10. Como os seus leitores reagiram a A garota do penhasco?
A reação até agora me deixou completamente impressionada. A garota do penhasco foi lançado em 2011 no Reino Unido e chegou ao primeiro lugar das listas tanto da Alemanha quanto da Noruega, além de entrar direto na lista de mais vendidos do The New York Times, nos Estados Unidos.

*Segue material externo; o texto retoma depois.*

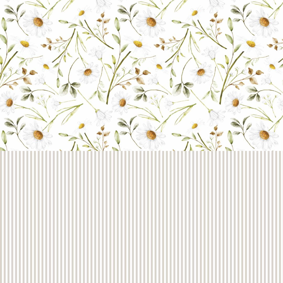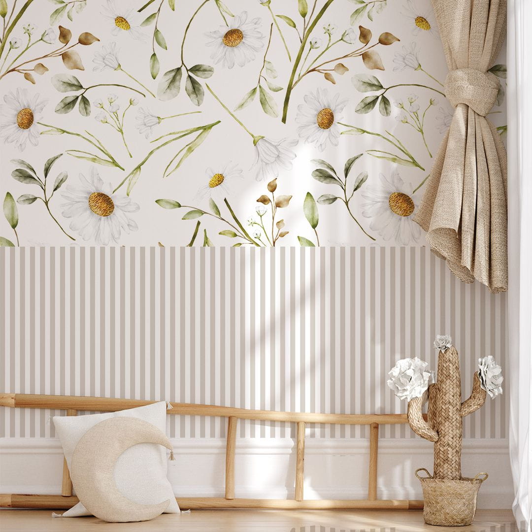 Tapeta winylowa na podkładzie flizelinowym w formie lamperii z kwitnącym rumiankiem w górnej części wzoru. To idealne połączenie kwiatowego wzoru i motywu lamperii, które spowoduje, że nawet małe pomieszczenie nie zostanie przytłoczone przez gęsty pattern. Ciepłe beże wprowadzą do wnętrza spokój, harmonię i nutę elegancji.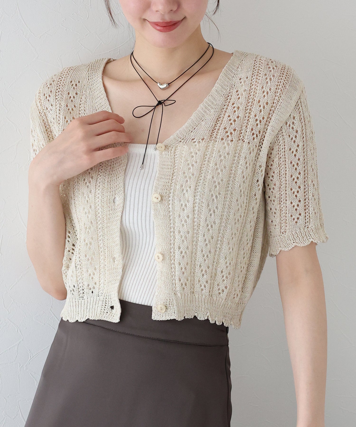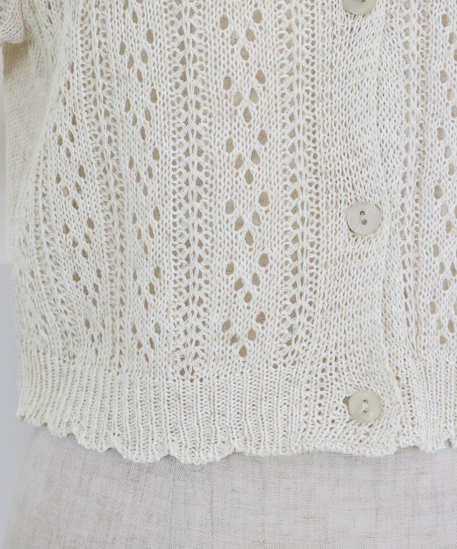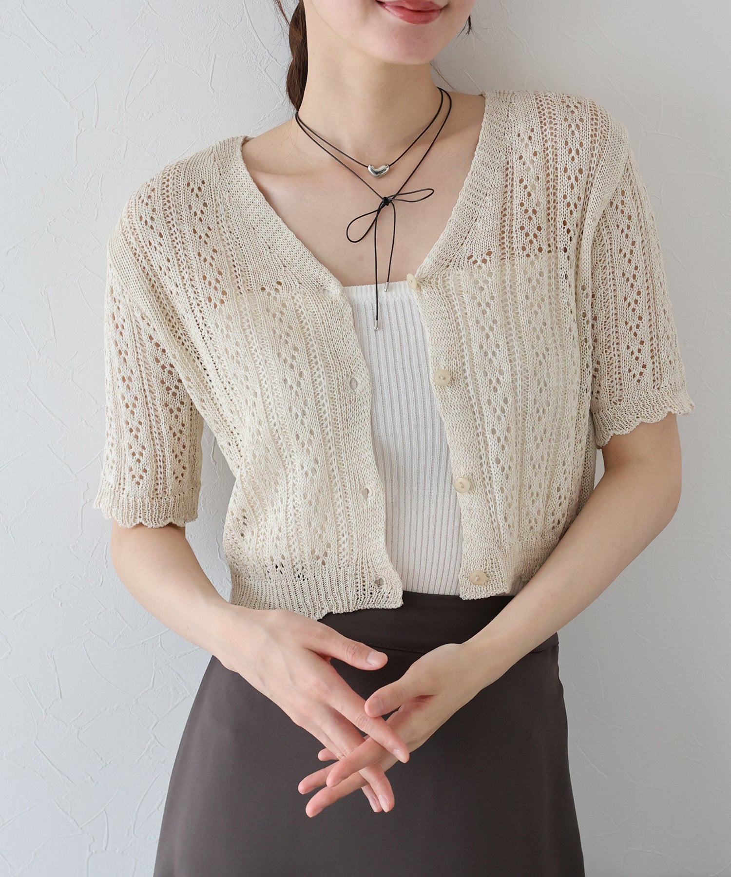 ナチュラルな風合いの透かし編みが夏らしい抜け感をプラスしてくれるカーディガン。

Recebo centenas de e-mails e mensagens de Facebook de mulheres (e alguns homens) com idades que vão de 20 a 80 anos. Acho que o livro agrada qualquer um que goste do que espero ser uma história bem escrita, com um código moral embutido. Meus livros não são para os cínicos, que acreditam que o mundo é um lugar “ruim”. Como diz Aurora, acredito que a raça humana é intrinsecamente “boa”, e que a redenção e algum nível de perdão são sempre uma possibilidade. E essa é a base que sustenta o desenvolvimento das minhas histórias e personagens.